When your muscles are evenly balanced strength wise, you will be far less likely to get injured.
2. Push-Ups Use the 3 Key Resistance Phases
The 3 key phases of muscle building resistance are the:
- and isometric phases.
The eccentric phase is when a muscle elongates due to the contraction of another muscle. In the push up, this happens when you power your body to the floor.
The concentric phase involves a muscle being stimulated to contract. This happens during the pushing back to the start position phase of the push up exercise.
The isometric phase is when the muscles attempt to contract but does not actually change its position. This position is the pause phase at the top of the exercise.
The incorporation of these three phases makes push ups an excellent exercise for both muscle and strength enhancement.
3. Push-Ups Improve Your Reaction Time
Push ups will improve your reaction time. This is because they train what are known as your proprioceptive muscle fibers. These fibers are the microscopic nerves that keep your body balanced.
These are especially activated when you hold the top isometric push up position.
This is because they need to keep firing in order to keep your body stabilized.
In this way, the proprioceptive muscle fibers are trained to react faster to stimulation which will improve both your balance and your speed.
4. Push-Ups Increase Blood Flow
When you do high repetition push ups, your heart will be working hard to pump more blood around your body.
This increased blood flow will fast track the supply of oxygen and nutrients to the muscles of your body as well as removing such waste products as lactic acid.
5. Push-Ups Are Effective Muscle Stretchers
We often think of the muscles of the chest, shoulders, and triceps when it comes to push ups.
That makes sense because these are the main muscles worked.
But push ups also affect the other key muscles of your upper body – the back and biceps.
They provide an excellent stretch to these muscles. The improved flexibility that results will make you less injury prone.
6. Push-Ups are Cardiovascular
The combination of their being a whole body movement and the fact that you normally do quite high reps on them makes push ups an effective cardiovascular exercise.

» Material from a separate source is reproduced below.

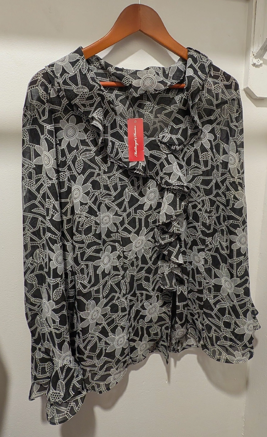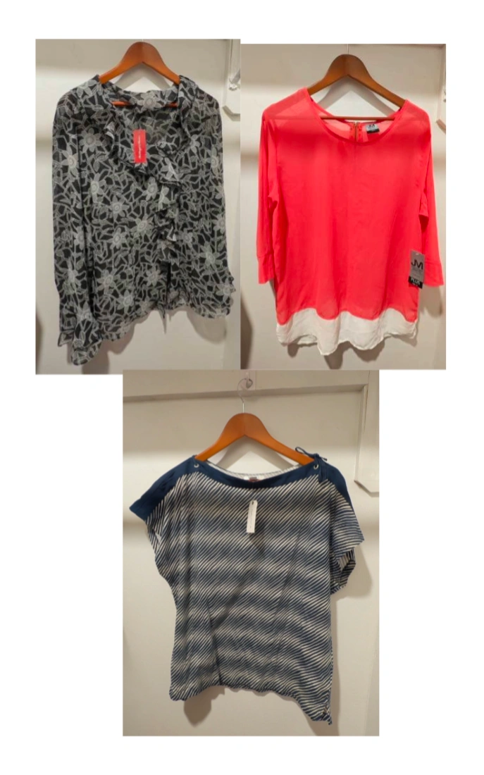 A great deal on a bundle of THREE brand new with tags (NWT) women's blouses/tops! Perfect for refreshing your wardrobe with versatile, never-worn pieces. 1. NAUTICA Nautical Stripe Off-Shoulder Top Brand: Nautica Size (Tag): L Style: Short sleeve, off-shoulder/wide neckline with navy trim and tie details on the shoulders. Diagonal navy/white stripe pattern. Material: 95% Cotton, 5% Spandex (soft, comfortable knit) 2. J.M. Collection Coral Sheer Layered Blouse Brand: J.M. Collection (Macy's brand) Size (Tag): XL Style: Vibrant coral/neon pink sheer top with 3/4 sleeves. Features a white layered hem and a small gold zipper detail on the back of the neck. Condition: NWT. 3. Ruffled Black & White Lace Print Blouse Size (Tag): L Style: Dramatic sheer long-sleeve blouse with an intricate black and white floral/lace print. Features a prominent cascading ruffle down the front and collar. Condition: NWT. Bundle Details: Condition for all: New With Tags (NWT) Selling as a lot only. Great deal for personal use or resale! Local pickup only.
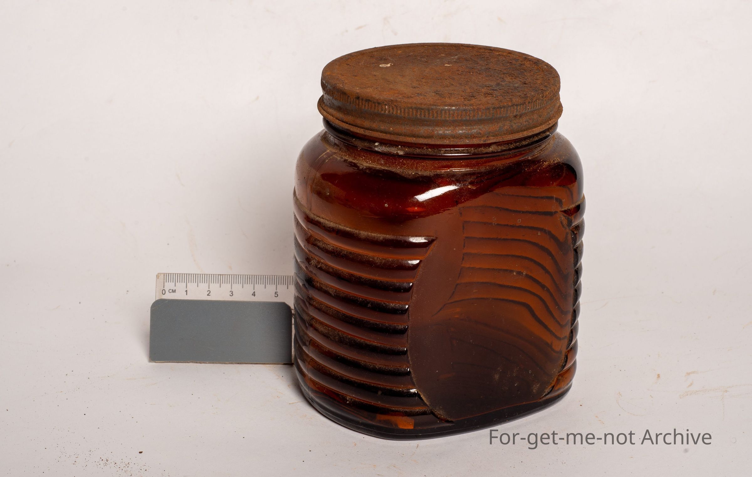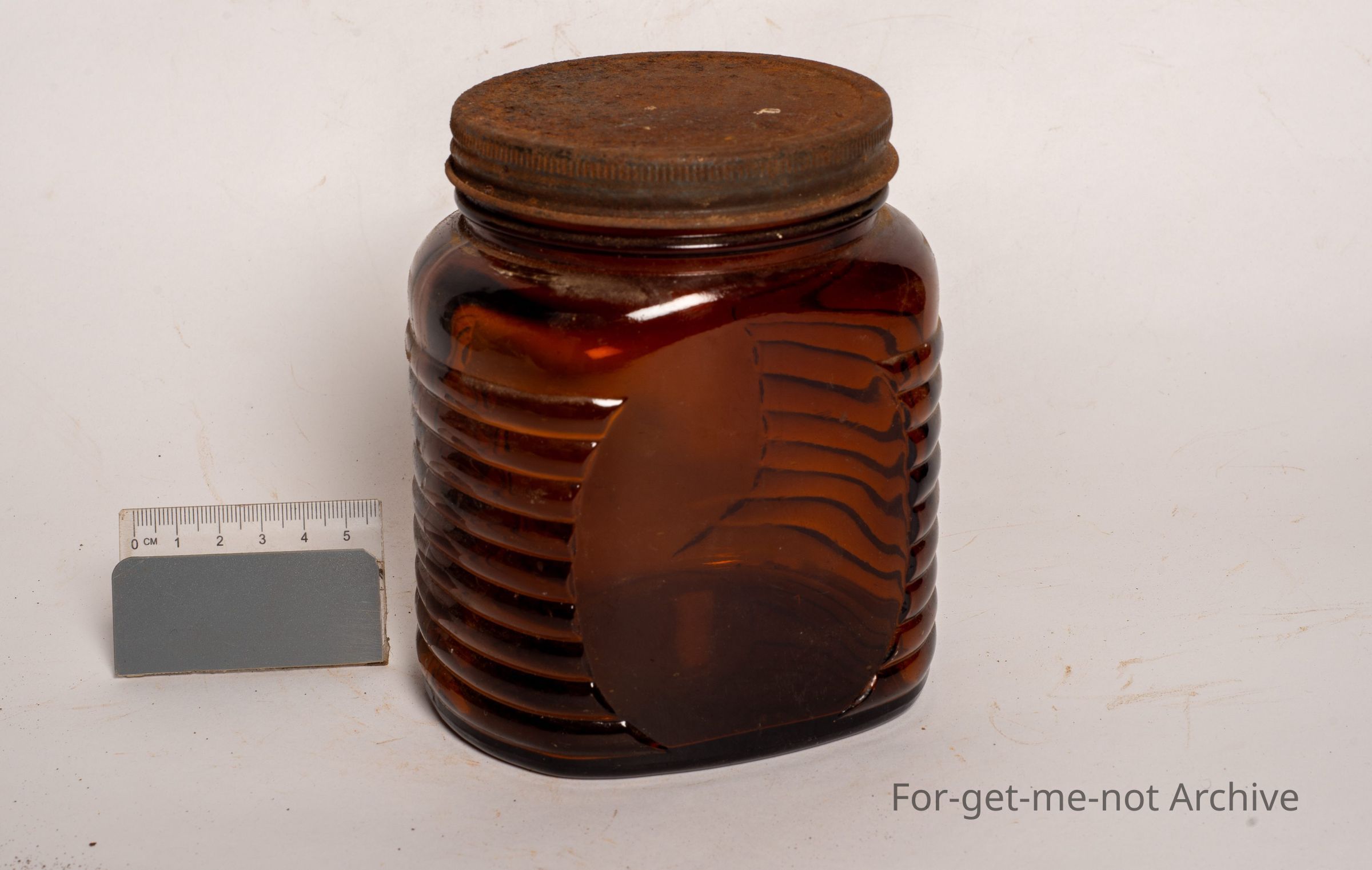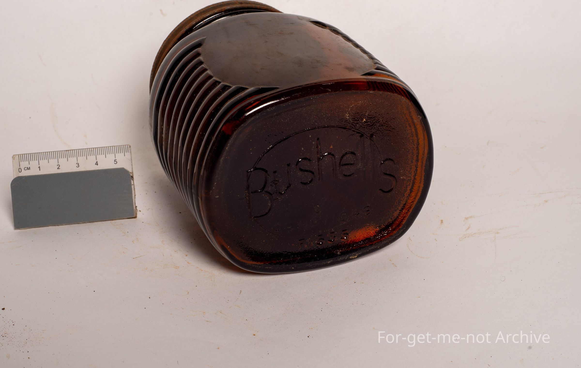 This is a beautiful amber glass Bushels, coffee jar. Ribbing around the outside. The label is missing. The chin, the lid is there, but pretty warm, embossed bushels on the base. Not many of these amber ones around in comparison to the clear glass.Collection

The effort of your different muscle groups having to work in coordination to both provide the strength to do the exercise and to keep you balanced means that your heart has to work harder to push blood around your body.
The end result of this is that you will have a healthier cardiovascular system and it will help you to burn off excess calories in the form of stored body fat.
7. Push-Ups Help Prevent Injury
As a general concept, body weight training is safer than exercising with weights. When it comes to the push up, choosing this move can prevent you from some serious shoulder and pec pain.
The push up and the bench press are essentially the same movement in reverse.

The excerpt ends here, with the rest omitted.